Methods & Materials: In a clinical trial study, 80 patients with class 2 or 3 heart failure, referred to 12 Farvardin hospital in Kahnooj in 2018 were included. Data collection tool included a three-part questionnaire: demographic variables, Left Ventricular Dysfunction Scale to assess patients' quality of life, and Self-care Heart Failure Index. The questionnaires were completed at the first visit and three months after follow-up. Data was analyzed using independent and paired t-test, ANOVA, Pearson correlation through the SPSS software version 20.

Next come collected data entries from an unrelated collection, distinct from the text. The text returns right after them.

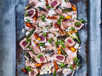 “De smokey-versie van de klassieke vitello tonnato krijgt door het roken van het kalfsvlees en het grillen van de tonijn een mooi bbq-accent, maar blijft fris en licht. Kun jer …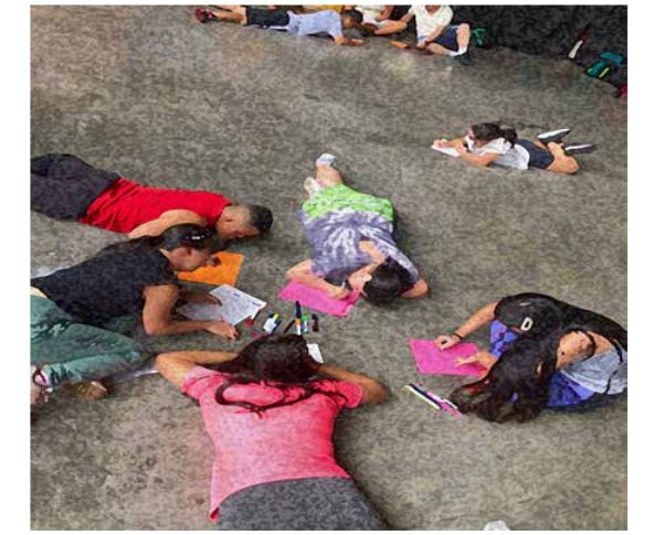 Colcha de cuidado: Se indagó a los cuidadores de algunos usuarios del programa Lions Dance del INDER de Medellín, sobre los avances que vislumbraban en relación al desarrollo de habilidades sociales de los usuarios, a causa de su participación en el programa. Se reunió los cuidadores en un grupo en el que socializaron sus perspectivas sobre los avances de los usuarios y plasmaron su visión en un collage y en hojas individuales y posteriormente en una creación colectiva.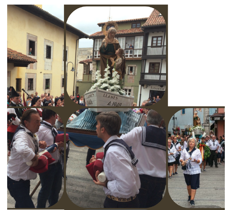 - • Fiestas de Santa Ana: La procesión de la Santa por las calles de Llanes, acompañada de marineros, marineras y devotos de la santa, constituye un espectáculo arraigado en la tradición, al que se suma la costumbre de la «Salea por el Mar», atrayendo multitudes y convirtiéndose en una celebración única que perdura en la villa.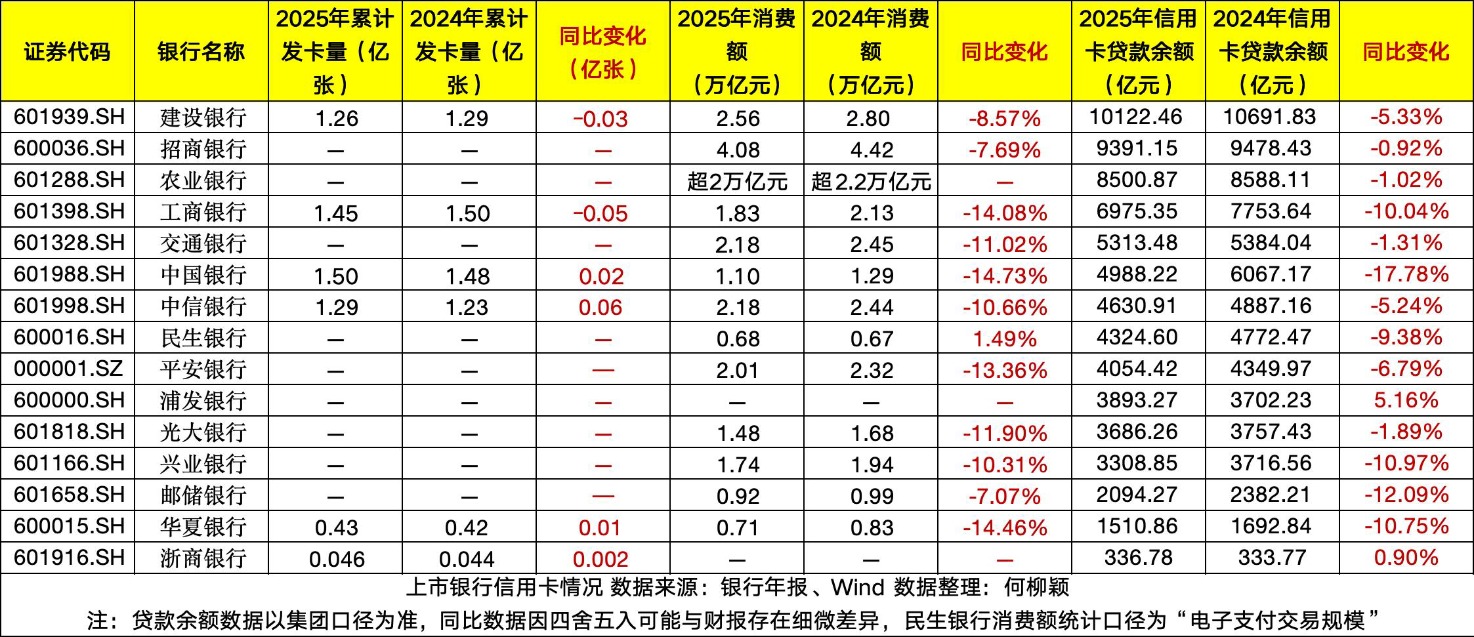 从信用卡贷款余额看,2025年,建设银行(601939.SH)继续守住“龙头地位”,但规模有所收缩。

Results: Before the intervention, there was no significant difference in the scores of quality of life and self-care between the two groups. After the intervention, the mean score of quality of life and self-care dimensions increased (P<0.001). Regarding self-care after the intervention, the highest score was related to self-care confidence with mean and standard deviation of 21.43 and 3.30 respectively, and the lowest score was related to self-care management with mean and standard deviation of 17.45 and 5.5 (P<0.001).
Conclusion: Paying attention to the dimensions of self-care based on a specific situation theory can lead to a better understanding of these patients’ problems and appropriate planning, and in turn improvement of the quality of life. Since in this study, most of the participants were illiterate, using visual teaching aids, adjusting the schedule according to the patient's conditions and readiness, and if necessary, family involvement can have positive results. It appears necessary to consider the underlying factors in the implementation of self-care programs, especially in people with lower levels of education and income.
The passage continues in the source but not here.